The Capitalist System

IN his efforts to live a full and happy life, man has adopted two well-known economic systems, with separate and distinct polarities. They are the capitalist system and the socialist system. There are a number of other systems which, pure and simple, are admixtures or aberrations of these two systems.

In the last chapter, we have outlined the economic forces which are constantly at work in any society. Under the capitalist system these forces are given full rein; save that occasionally some sort of half-hearted, indirect and partial control and direction of the forces may be instituted by Government. Under the socialist system, however, the approach to the working of these forces is entirely different: it is usually direct, all-embracing, and quite effective in ensuring social justice to all. In the next chapter we shall deal with the socialist approach to economic forces. But in the meantime, we propose, for purposes of emphasis, complete fairness, and further clarification, to examine the significant postulates and achievements as well as the vices and evils of the capitalist system. This procedure is considered necessary in order that the claims of the socialist system may be properly understood and appraised.

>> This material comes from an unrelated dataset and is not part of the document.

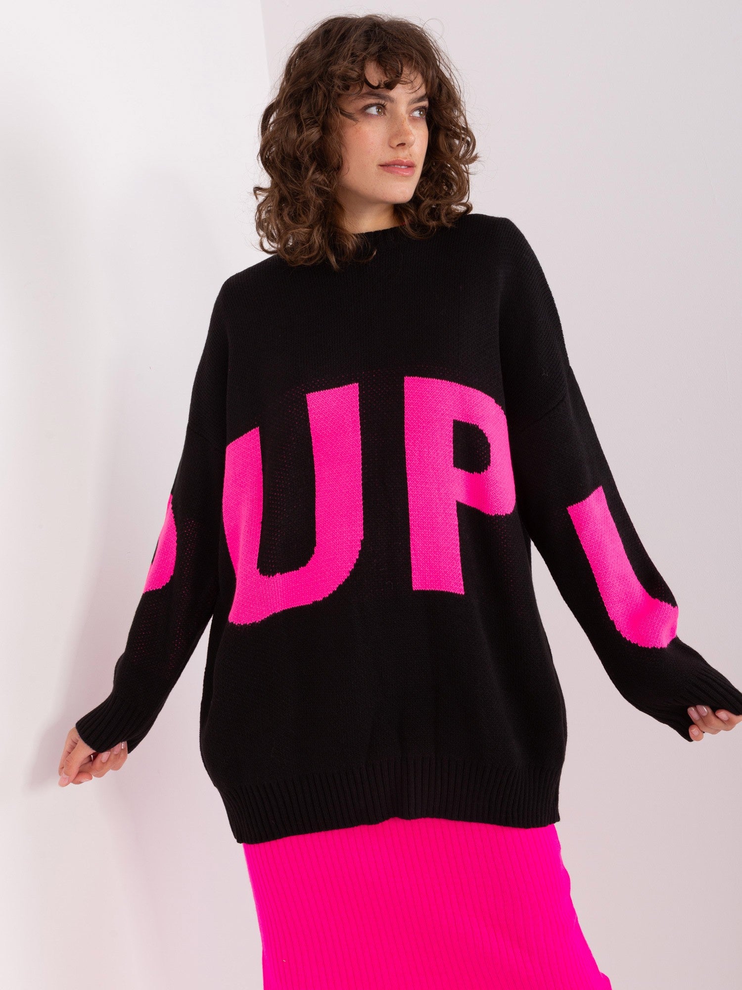 Sweter-BA-SW-8060.05P-czarno-różowy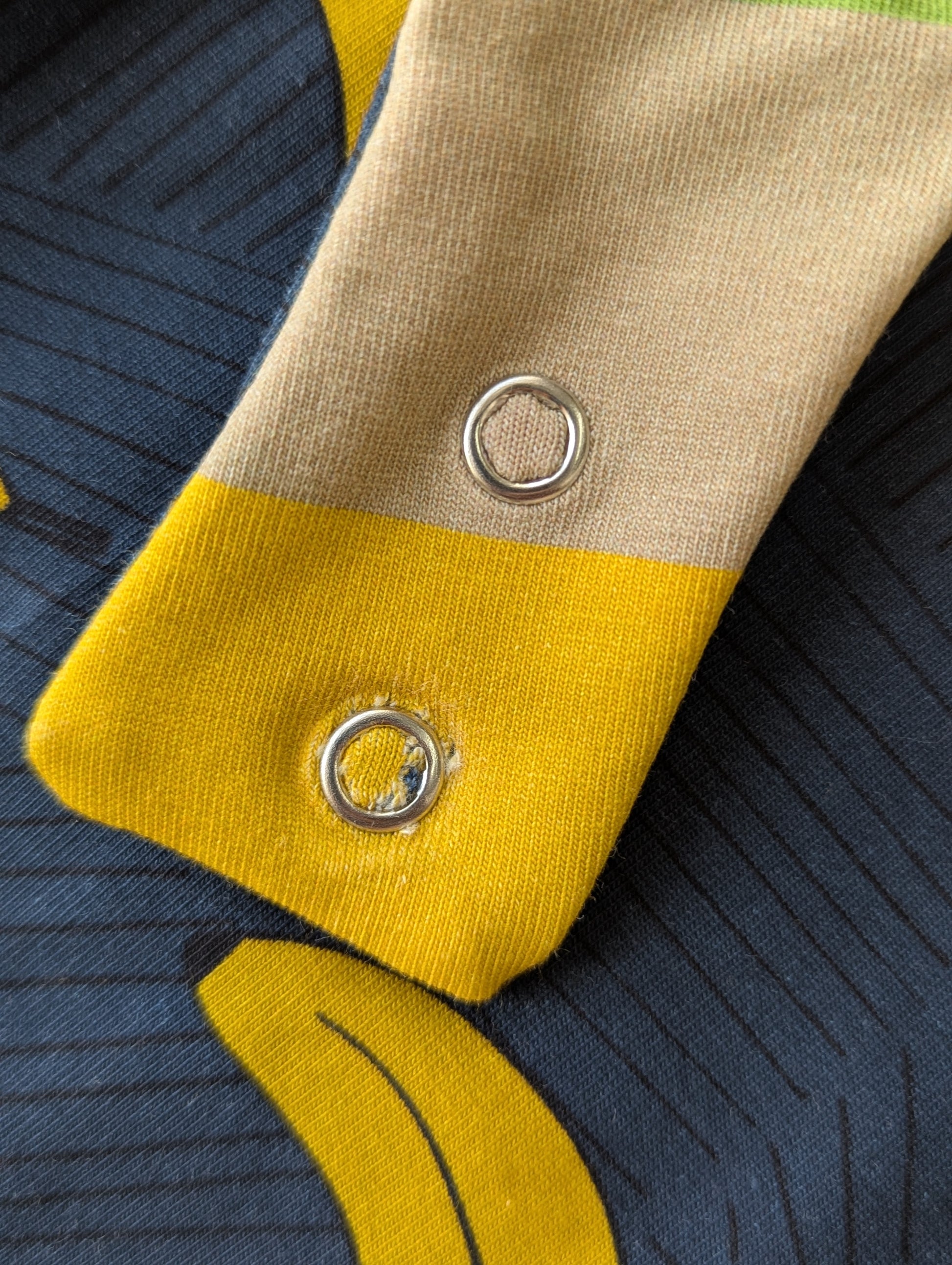 Grid with yellow cuffs: 0-6m, no fault, last in this print. Thicker jersey than ussual.

The essential characteristic of the capitalist system is economic freedom, or freedom of industry and enterprise; and it has four postulates which we will call the postulates of capitalism. They are the postulates of: (l) private property, (2) choice, (3) equality, and (4) egoistic altruism.

Private Property: The right of the individual to own and control as much economic goods as he can appropriate to himself from the operations of supply and demand is recognised and protected by law. These goods may consist of personal possessions, tangible and intangible, corporeal and incorporeal, and of physical means of production which in turn consist of land and capital.

Choice: It is assumed that each individual has complete freedom of choice; he may use his energy and property as he thinks fit subject only to such restraint as may be imposed upon him by law.

Equality: Here, it is posited that everyone may work, live, and freely contract on a basis of equality with others and with the same opportunity as his fellows.